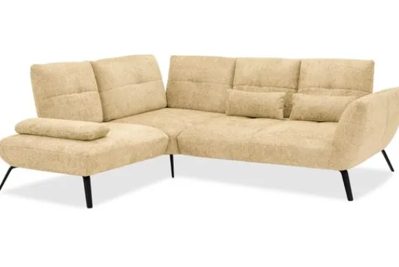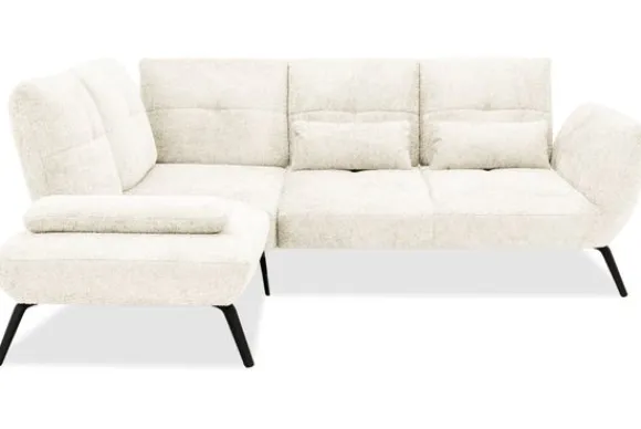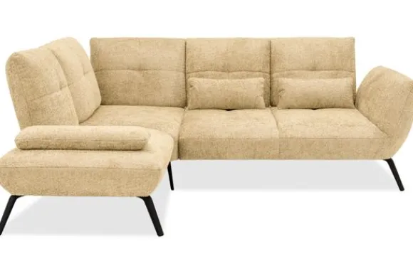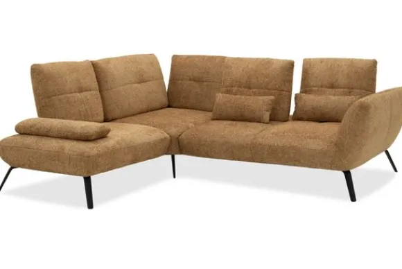 Deze hoekbank is verkrijgbaar in verschillende materialen, zoals kunstleder en stoffen als velvet en bouclé. Elk materiaal is leverbaar in diverse kleuren, zodat je de bank helemaal naar jouw smaak kunt samenstellen. Ook kun je kiezen uit twee verschillende pootkleuren voor een persoonlijke uitstraling.
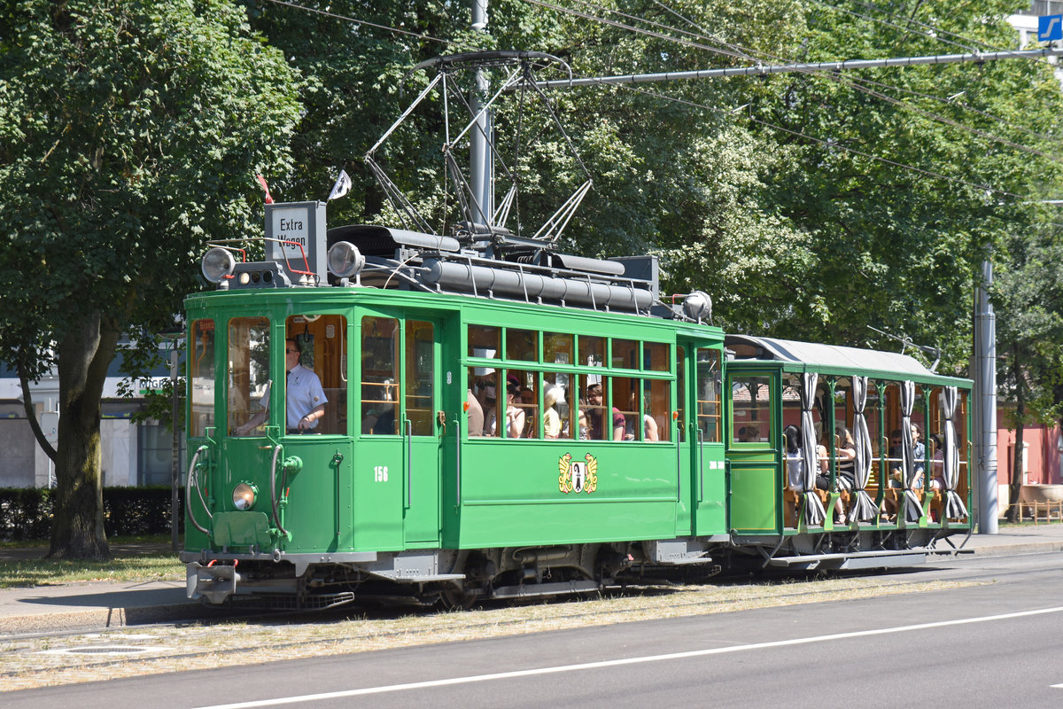 Be 6/8 Combino 301, auf der Linie 2, wartet in der Schlaufe beim Eglisee. Die Aufnahme stammt vom 02.07.2018.
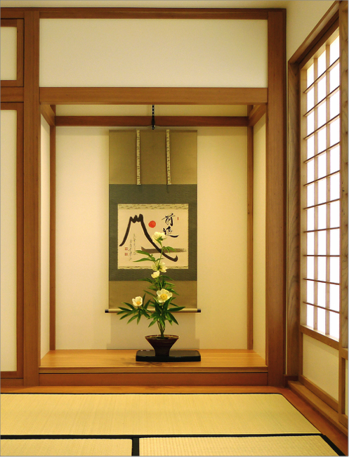 In a traditional Japanese house, the room with the Tokonoma is considered the most important place in the house and is used primarily to entertain guests and for special occasions. The Tokonoma displays artwork, a hanging scroll, and Ikebana incorporating seasonal flowers in harmony with the season and artwork on display, both ikebana and artwork are arranged to reflect the changing seasons.
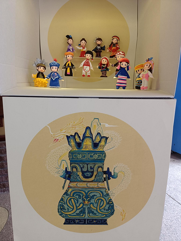活动现场展出了百余件以“最炫民族风”为主题的书画、剪纸以及手工艺品。橱窗里陈列了学生们制作的活灵活现的具有民族特色的陶艺作品,展示架上挂满了各式惟妙惟肖的绘画作品,屏风上的“民族团结花常开,各族人民一家亲”等书法作品字迹隽秀,各具特色,还有别出心裁的DIY手提袋、手机壳、明信片等文创作品。
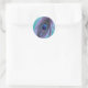 Uma pena de pavão com tons roxos trazidos para o fundo de uma terra firme.
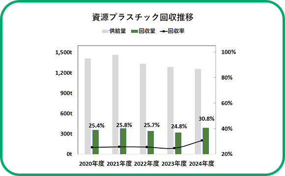 カタログの回収率が89.5%なのに対し、カタログや商品のまとめ袋等の資源プラスチックの回収率は30.8%しかありません。
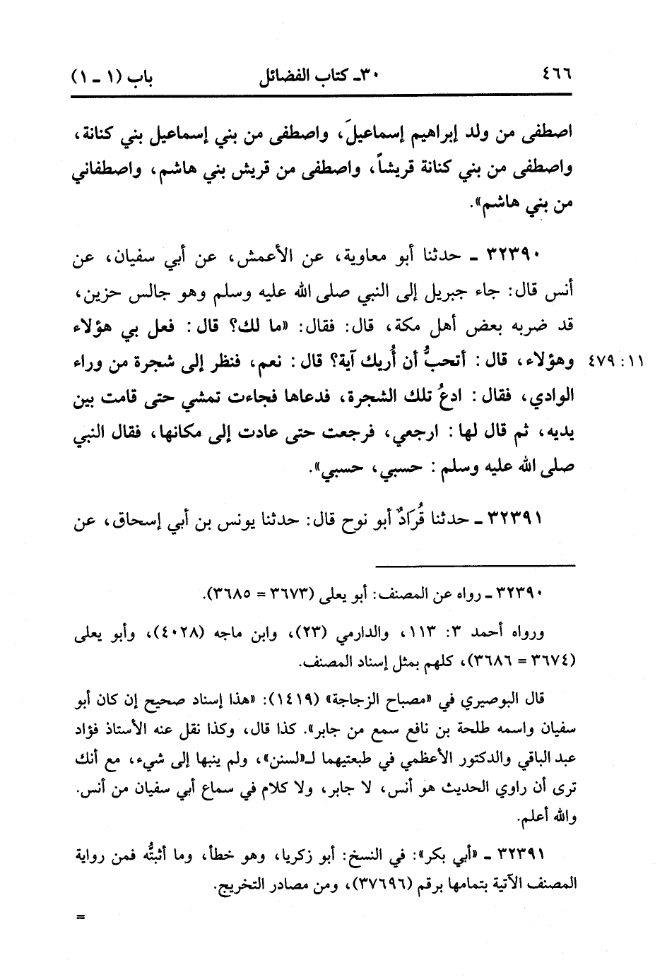 32390- حَدَّثَنَا أَبُو مُعَاوِيَةَ ، عَنِ الأَعْمَشِ ، عَنْ أَبِي سُفْيَانَ ، عَنْ أَنَسٍ ، قَالَ : جَاءَ جِبْرِيلُ إلَى النَّبِيِّ صَلَّى الله عَلَيْهِ وَسَلَّمَ وَهُوَ جَالِسٌ حَزِينٌ قَدْ ضَرَبَهُ بَعْضُ أَهْلِ مَكَّةَ ، قَالَ : فَقَالَ : مَا لَك ؟ قَالَ : فَعَلَ بِي هَؤُلاَءِ وَهَؤُلاَءِ ، قَالَ : أَتُحِبُّ أَنْ أُرِيَك آيَةً ؟ قَالَ : نَعَمْ , فَنَظَرَ إلَى شَجَرَةٍ مِنْ وَرَاءِ الْوَادِي ، فَقَالَ : ادْعُ تِلْكَ الشَّجَرَةَ , فَدَعَاهَا فَجَاءَتْ تَمْشِي حَتَّى قَامَتْ بَيْنَ يَدَيْهِ ، ثُمَّ قَالَ لَهَا : ارْجِعِي , فَرَجَعَتْ حَتَّى عَادَتْ إِلَى مَكَانِهَا ، فَقَالَ النَّبِيُّ صَلَّى الله عَلَيْهِ وَسَلَّمَ : حَسْبِي حَسْبِي. (11/478).

# # #

> _Work order_
In the listing above, find the line with "Uma pena de" and the line with "カタログの回収率が89.5%". Output both, plus every line between them, and no pictures.

> _Exercise result_
 Uma pena de pavão com tons roxos trazidos para o fundo de uma terra firme.
 カタログの回収率が89.5%なのに対し、カタログや商品のまとめ袋等の資源プラスチックの回収率は30.8%しかありません。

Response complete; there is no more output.